Records excerpted from a collection:

★ ★ ★

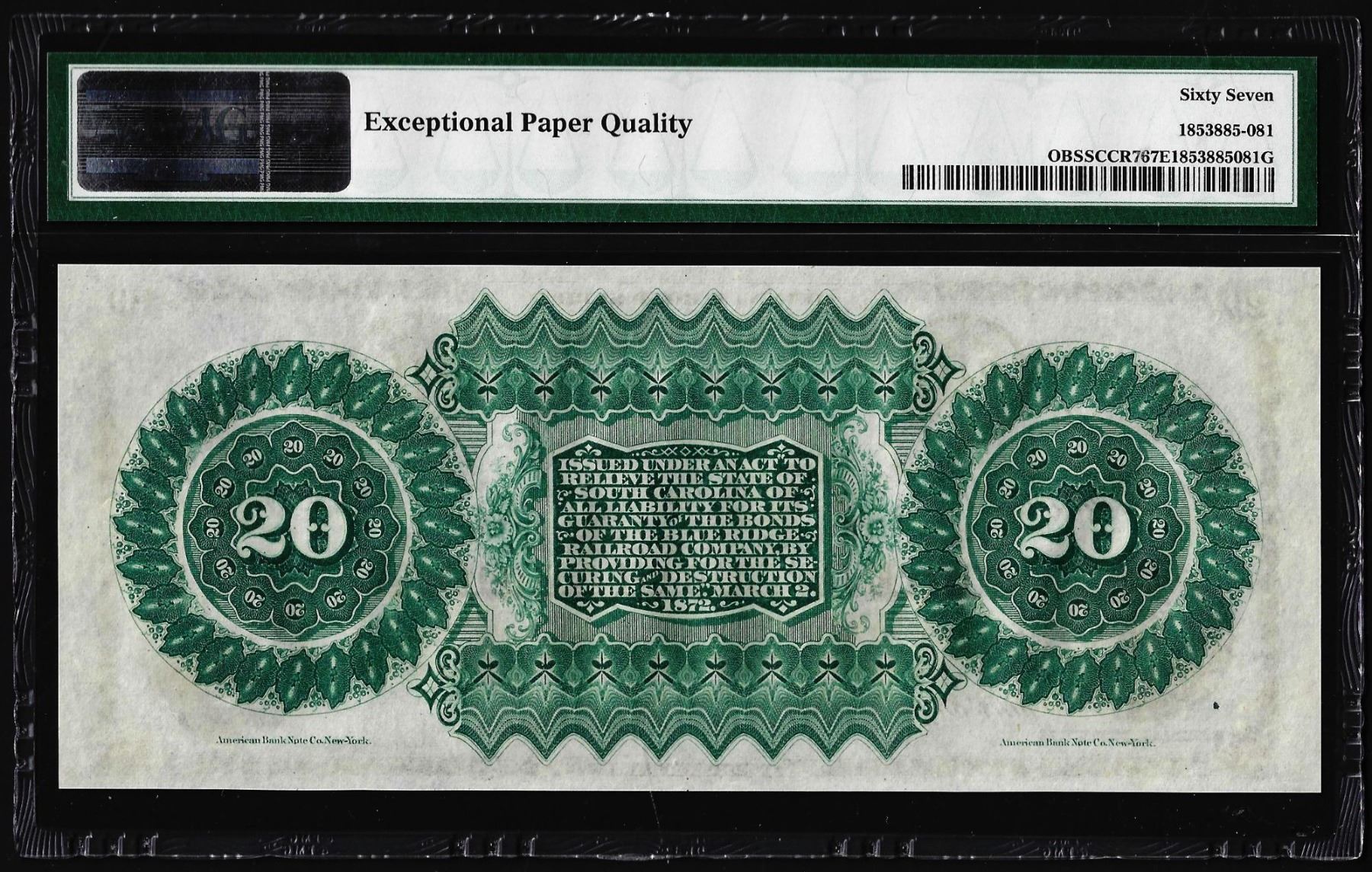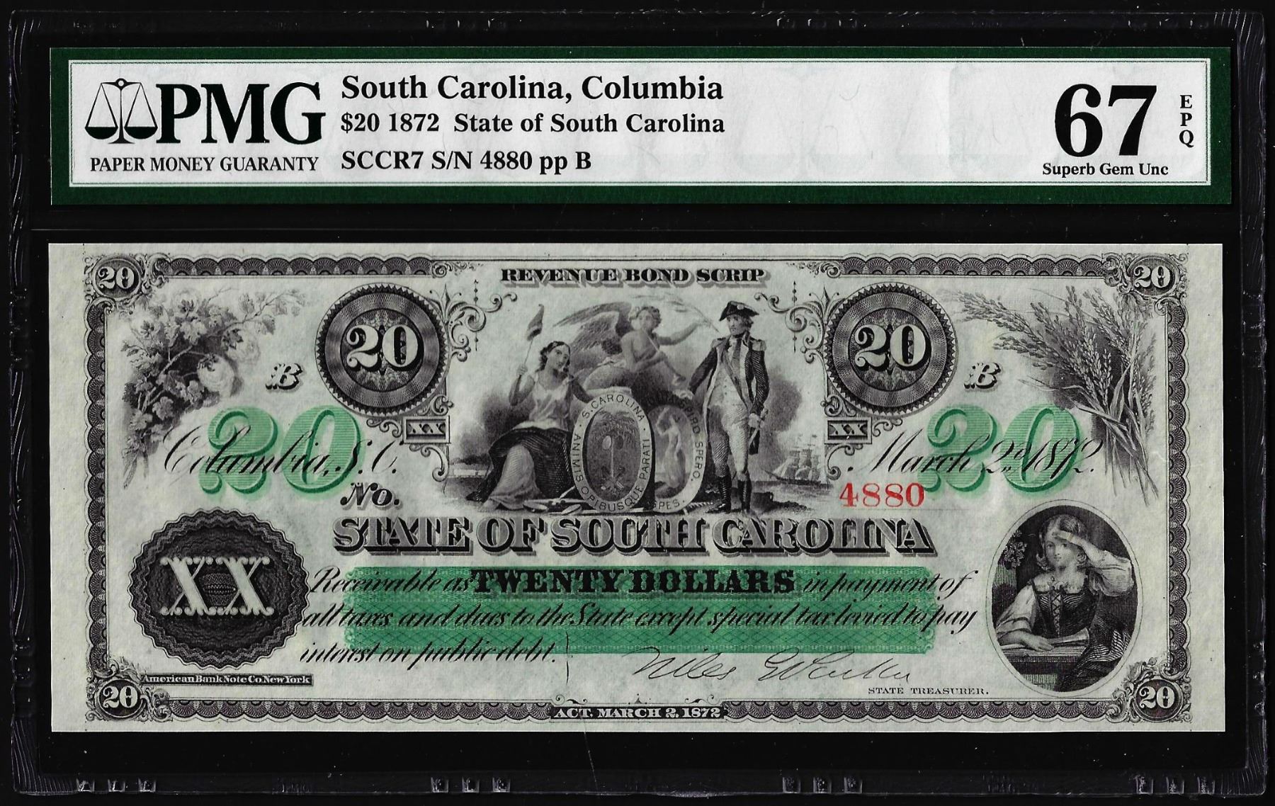 1872 $20 State of South Carolina Revenue Bond Obsolete Note PMG Superb Gem Unc. 67EPQ
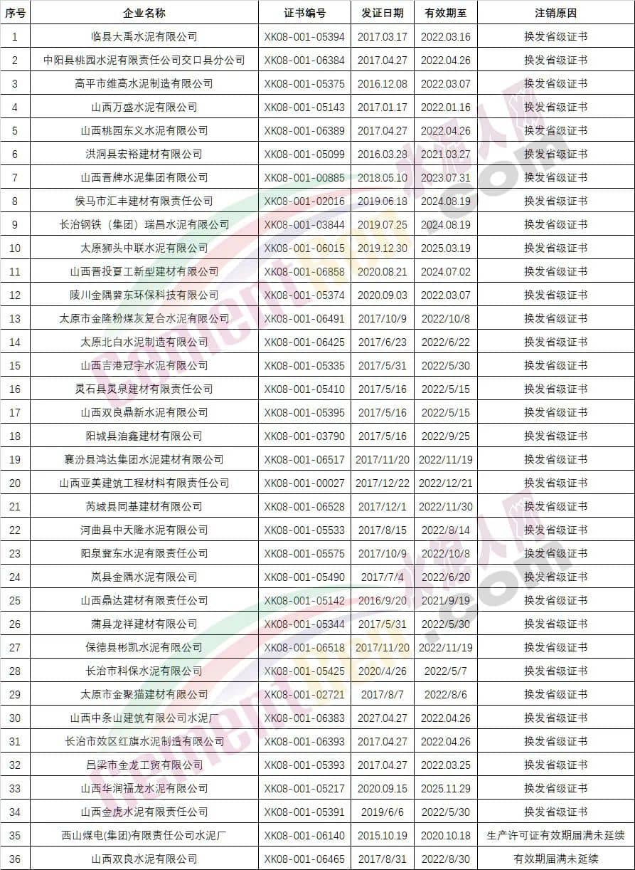 山西省共注銷36家水泥企業(yè)生產(chǎn)許可證,其中34家為換發(fā)省級下書,一家為有效期屆滿未延續(xù),一家為山西省市場監(jiān)管局公告注銷;
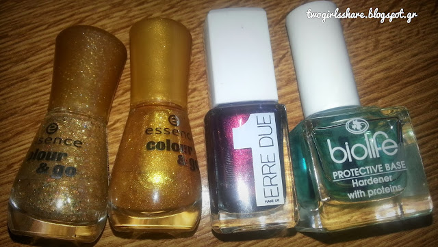 Αγόρασα 2 χρυσές όζες από την Essence, την 157 my fortune cookie και 121 gold fever, πολύ καλής ποιότητας βερνίκια για την τιμή τους, γύρω στα 2 ευρώ. Από Erre Due πήρα αυτό το μεταλλικό βερνίκι που μου φαινόταν μπορντώ αλλά τελικά στα νύχια φαίνεται ένα σκούρο μωβ μελιτζανί και μόνο στο φως λάμπει κάτι κόκκινο και είναι το 405 Wild plum. Από Biolife πήρα μια προστατευτική βάση με πρωτείνες που έιχα ξαναπάρει στο παρελθόν και μου αρέσει πολύ.
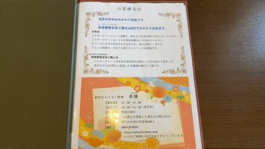 邑久駅からも歩いて10分ほどで、瀬戸内市中央公民館の南側にある、創作おもてなし料理 美膳という和食のお店。
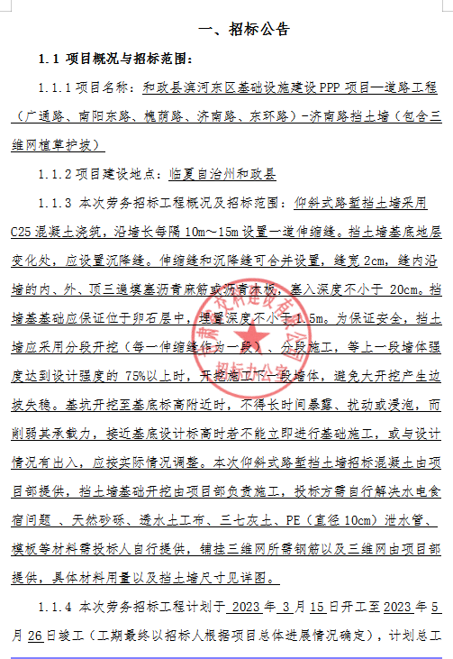 <h3>和政县滨河东区基础设施建设PPP项目—道路工程（广通路、南阳东路、槐荫路、济南路、东环路）-济南路挡土墙（包含三维网植草护坡）招标公告</h3>
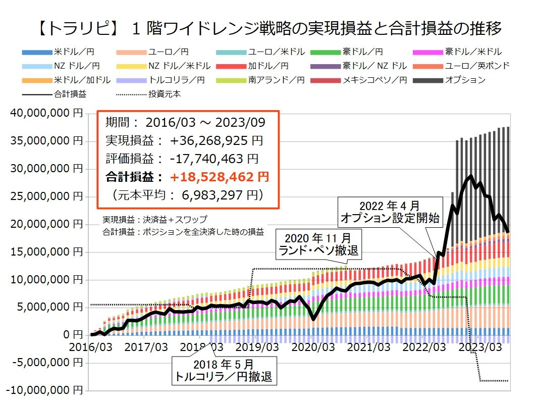元々トラリピはワイドレンジ戦略のみの運用でしたが、ワイドレンジ戦略で十分な生活費を受け取れるようになったため、より大きな利益を狙うために攻めた運用も始めました。

★ ★ ★

* [DIRECTIONS FOR THIS TASK] A word-for-word copy of the entries above is what is needed, without any images.

* [RESPONSE TO THIS TASK]
 1872 $20 State of South Carolina Revenue Bond Obsolete Note PMG Superb Gem Unc. 67EPQ
 山西省共注銷36家水泥企業(yè)生產(chǎn)許可證,其中34家為換發(fā)省級下書,一家為有效期屆滿未延續(xù),一家為山西省市場監(jiān)管局公告注銷;
 Αγόρασα 2 χρυσές όζες από την Essence, την 157 my fortune cookie και 121 gold fever, πολύ καλής ποιότητας βερνίκια για την τιμή τους, γύρω στα 2 ευρώ. Από Erre Due πήρα αυτό το μεταλλικό βερνίκι που μου φαινόταν μπορντώ αλλά τελικά στα νύχια φαίνεται ένα σκούρο μωβ μελιτζανί και μόνο στο φως λάμπει κάτι κόκκινο και είναι το 405 Wild plum. Από Biolife πήρα μια προστατευτική βάση με πρωτείνες που έιχα ξαναπάρει στο παρελθόν και μου αρέσει πολύ.
 邑久駅からも歩いて10分ほどで、瀬戸内市中央公民館の南側にある、創作おもてなし料理 美膳という和食のお店。
 <h3>和政县滨河东区基础设施建设PPP项目—道路工程（广通路、南阳东路、槐荫路、济南路、东环路）-济南路挡土墙（包含三维网植草护坡）招标公告</h3>
元々トラリピはワイドレンジ戦略のみの運用でしたが、ワイドレンジ戦略で十分な生活費を受け取れるようになったため、より大きな利益を狙うために攻めた運用も始めました。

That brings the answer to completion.